> [INSTRUCTIONS TO FOLLOW]:
Your task is to repeat all of the data exactly while excluding the pictures.

> [SUPPLIED INFORMATION]:
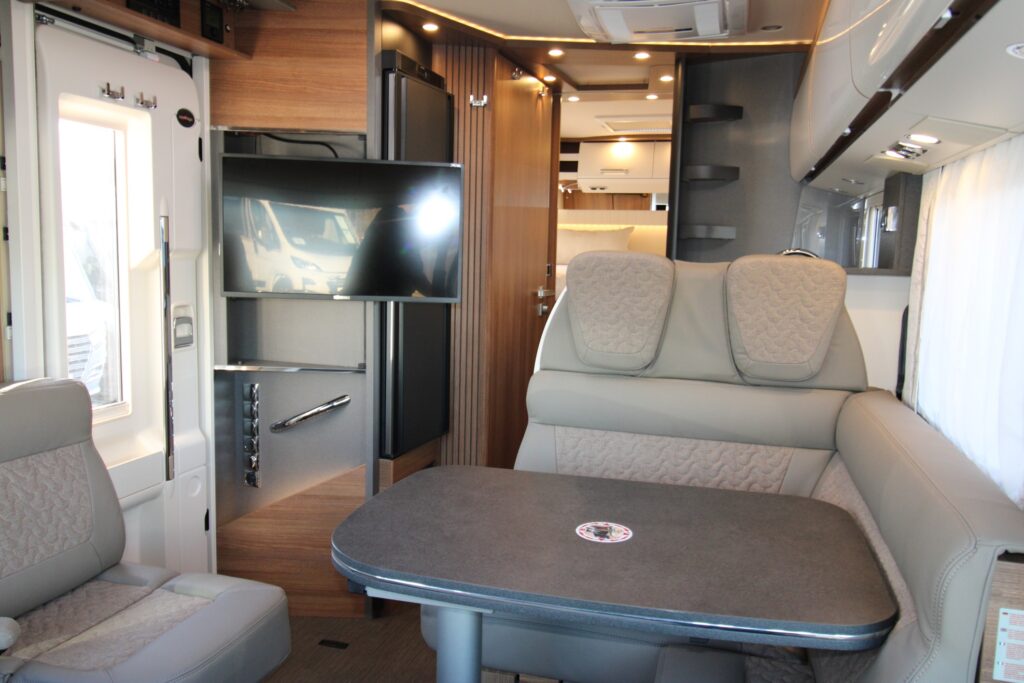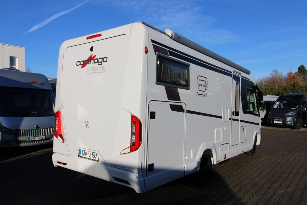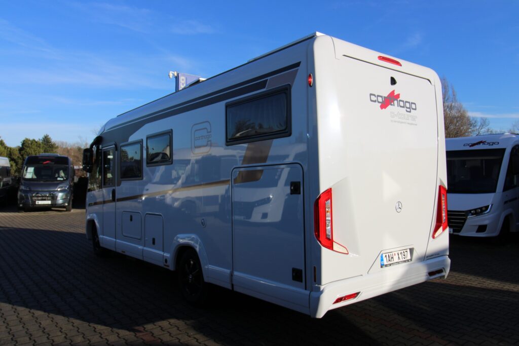 zánovní vůz, pouze 5356 km !!!, Původní cena 4.547.087 Kč včetně rozsáhlé příplatkové výbavy !!!, 1. majitel, podvozek Mercedes-Benz AL-KO, motor 2.0 l, 170 k, 9st. automatická převodovka, paket jízdních asistentů včetně adaptivního tempomatu, MB MBUX multimediální systém včetně navigace, parkovací kamera, kožený multifunkční volant, výškově nastavitelná sedadla řidiče a spolujezdce Aguti, centrální zamykání dveří řidiče a nástavby, paket přídavných zásuvek, dvojitá vyhřívaná podlaha s úložnými prostory, topení Truma 6, Truma Duocontrol, interiér World Nuovo, čalounění Davos, vozidlo bez přední spouštěcí postele, solární systém 2x 120W, markýza Thule Omnistor 6300 450 cm, LED osvětlení pod markýzou včetně stmívače, alarm Thitronik vč. plynového čidla a vzdáleného ovládání ProFinder, 2 x 100 Ah Lithiová baterie Liontron verze Arctic s vyhříváním, DC-DC nabíječka Orion XS 50A, nabíječka Victron Blue Smart 30 A, VE SmartShunt 500A sledovač baterií, měnič napětí VE SmartPhoenix 2000 W, 5G Campernet PRO 5G/4G/LTE router, 32″ Smart LED TV v obývacím prostoru, 24″ Smart LED TV v ložnici, 2x Alugas lahve s venkovním plněním + BT zobrazení stavu naplnění, střešní klimatizace Dometic FJX7 2200W, ochranný koberec na zadní stěně garáže včetně upevňovacích gumolan
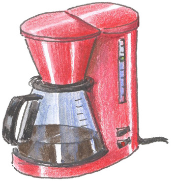 Das Bild gehört zur Serie "Kaffee". Es zeigt eine gezeichnete Kaffeemaschine. Es gelten die Nutzungsbedingungen der Mediothek und Pixiothek.
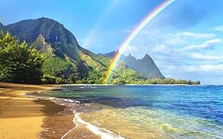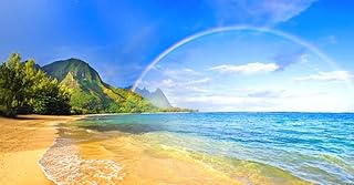 絵画風 壁紙ポスター (はがせるシール式) 南国の島とビーチと虹のハーモニー ハワイ 波 虹 レインボー 海 キャラクロ SRBW-008S1 (1105mm×576mm) 建築用壁紙+耐候性塗料
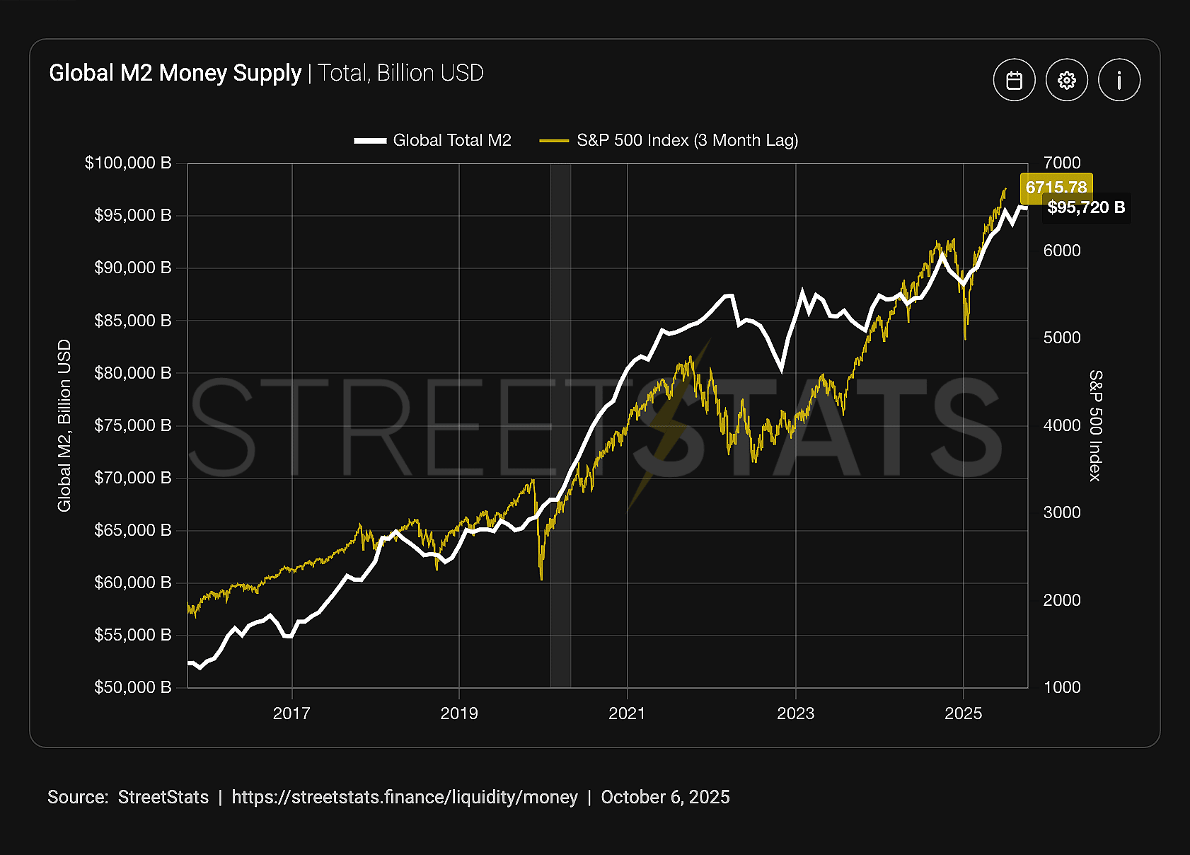 This is basically a measure of how much money is present in global capital markets. As you can see, the higher the money supply, the higher the S&P 500 goes (with a 3 month lag).

> [SOLUTION TO THIS PROBLEM]:
 zánovní vůz, pouze 5356 km !!!, Původní cena 4.547.087 Kč včetně rozsáhlé příplatkové výbavy !!!, 1. majitel, podvozek Mercedes-Benz AL-KO, motor 2.0 l, 170 k, 9st. automatická převodovka, paket jízdních asistentů včetně adaptivního tempomatu, MB MBUX multimediální systém včetně navigace, parkovací kamera, kožený multifunkční volant, výškově nastavitelná sedadla řidiče a spolujezdce Aguti, centrální zamykání dveří řidiče a nástavby, paket přídavných zásuvek, dvojitá vyhřívaná podlaha s úložnými prostory, topení Truma 6, Truma Duocontrol, interiér World Nuovo, čalounění Davos, vozidlo bez přední spouštěcí postele, solární systém 2x 120W, markýza Thule Omnistor 6300 450 cm, LED osvětlení pod markýzou včetně stmívače, alarm Thitronik vč. plynového čidla a vzdáleného ovládání ProFinder, 2 x 100 Ah Lithiová baterie Liontron verze Arctic s vyhříváním, DC-DC nabíječka Orion XS 50A, nabíječka Victron Blue Smart 30 A, VE SmartShunt 500A sledovač baterií, měnič napětí VE SmartPhoenix 2000 W, 5G Campernet PRO 5G/4G/LTE router, 32″ Smart LED TV v obývacím prostoru, 24″ Smart LED TV v ložnici, 2x Alugas lahve s venkovním plněním + BT zobrazení stavu naplnění, střešní klimatizace Dometic FJX7 2200W, ochranný koberec na zadní stěně garáže včetně upevňovacích gumolan
 Das Bild gehört zur Serie "Kaffee". Es zeigt eine gezeichnete Kaffeemaschine. Es gelten die Nutzungsbedingungen der Mediothek und Pixiothek.
 絵画風 壁紙ポスター (はがせるシール式) 南国の島とビーチと虹のハーモニー ハワイ 波 虹 レインボー 海 キャラクロ SRBW-008S1 (1105mm×576mm) 建築用壁紙+耐候性塗料
 This is basically a measure of how much money is present in global capital markets. As you can see, the higher the money supply, the higher the S&P 500 goes (with a 3 month lag).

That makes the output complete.